Весь тот день я не находил себе покоя и регулярно подходил к телетайпу узнать о развитии событий. В скором времени мне стало ясно, что десяти лет оказалось недостаточно, чтобы разорвать объятия, в которых сжимала мою душу война. Я не мог не вернуться, сколь бы рискованно это ни было. Я не мог не увидеть конца этой войны, пусть даже всё шло к тому, что она закончится поражением того дела, которому я служил, будучи военнослужащим. Я не могу объяснить этого ощущения. Мне просто казалось, что побывать там в самом конце войны — моя личная обязанность. Поэтому я связался с американским офисом «Трибьюн», сообщив, что готов помогать Йейтсу, работавшему штатным корреспондентом газеты на Ближнем Востоке, в его работе по освещению наступления противника. Издатели сообщили, что не возражают. На следующее утро я уже летел во Вьетнам на борту самолёта компании «Эр Франс».

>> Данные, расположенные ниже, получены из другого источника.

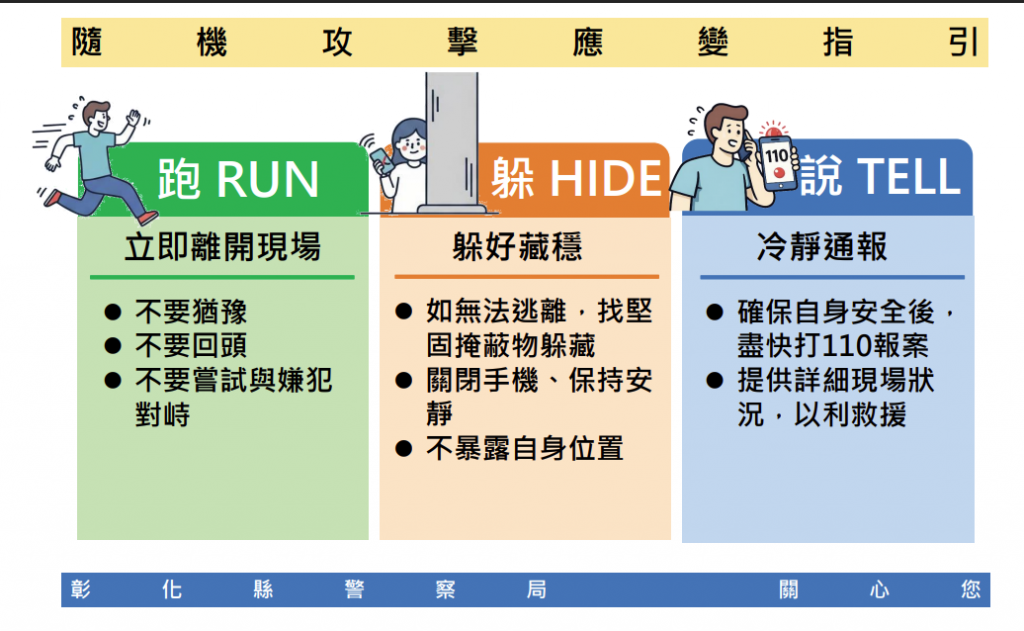 鑑於114年12月19日社會發生重大隨機攻擊事件,為預防不當仿效情事以及保護學校教職員工生之安全,本縣警察局研擬公共場所遭遇隨機攻擊之自我保護指引,為維護校園公共安全之相關工作,以提升社會整體安全意識。
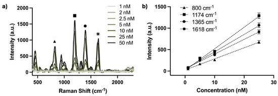 To test the performance of the device in quantitative analysis, AgNP solutions with different concentrations of MGITC (1 nM, 2 nM, 2.5 nM, 5 nM, 10 nM, 25 nM, 50 nM) were prepared according to the previously described methods. The testing set-up and experimental parameters, including excitation power and integration time, were kept the same from the initial sensing characterization and maintained throughout the concentration measurements. The SERS spectra of various MGITC concentrations obtained by the waveguide device is shown in Figure 9a. The most intense characteristic peaks, located at 800 cm−1 (▲), 1174 cm−1 (■), 1365 cm−1 (●), and 1618 cm−1 (⁕) were selected for more detailed evaluation. Figure 9b displays the plot of SERS intensity versus reporter concentration at those Raman peaks. There is a linear dependence between the MGITC concentration and the SERS intensity within the concentration range between 1 nM and 25 nM. The low detection limit was found to be 1 nM.
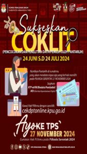 Ia mengatakan, pencoklitan akan berlangsung selama satu bulan dan telah dimulai sejak 24 Juni hingga 24 Juli 2024 mendatang, partisipas aktif dari masyarakat yang memiliki hak pilih sangat penting untuk kesuksesan Pilkada.

Я вышел из самолёта на базе Таншоннят 2 апреля — через десять лет и один месяц после того, как высадился в Дананге в составе 9-й экспедиционной бригады.
* * *
Для того чтобы подробно описать последнюю военную кампанию Северного Вьетнама, надо писать отдельную книгу. Я даже не уверен в том, что те события можно назвать кампанией, там происходило скорее массовое переселение людей. Северовьетнамская армия просто бурным потоком нахлынула на поля, устремляясь к Сайгону. За исключением одной непродолжительной и безнадёжной попытки дать отпор, предпринятой одной-единственной дивизией в столице провинции Ксуанлок, АРВ не оказала никакого серьёзного сопротивления. Южновьетнамская армия распалась. Она растворилась. Случались ужасные сцены, когда охваченные паникой солдаты во время бегства от наступающего противника избивали и давили гражданских лиц. Ближе к концу того месяца эта атмосфера распада стала уже просто физически ощутимой. У нас на глазах распадались, рушились не только армия, но и вся страна. Дороги были забиты беженцами и солдатами. Некоторые колонны растягивались на двадцать миль, змеями спускаясь с холмов и каучуковых плантаций к заболоченным равнинам вокруг Сайгона. Эти процессии, у которых, казалось, не было ни начала, ни конца, тянулись по дорогам до самого горизонта. Они плелись под дождём и жарким солнцем, босоногие гражданские лица, солдаты в ботинках, гниющих прямо на ногах. Некоторые солдаты не бросали оружия, твёрдо решив держаться друг друга в своих маленьких группках, но большинство шагали безоружными, это были павшие духом люди, решимости которых хватало лишь на бегство; там были потерявшиеся дети, которые плакали и звали родителей, и родители, которые выкрикивали имена своих детей; раненные бойцы в запёкшейся крови и грязных временных перевязках — некоторые шли сами, некоторые кучами лежали в кузовах санитарных машин; грузовики, автобусы, стада буйволов, скрипящие повозки с деревянными колёсами. Сплошным потоком растянувшись по дорогам, эти плотные, шевелящиеся скопления людей, машин и животных перекатывались через завалы и текли мимо остовов сгоревших танков, мимо трупов и фрагментов трупов, гниющих у обочин на полях. А вслед за этими отступающими колоннами надвигался шум от бомб и снарядов, утробное урчание зверя, войны, пожирающей своих жертв.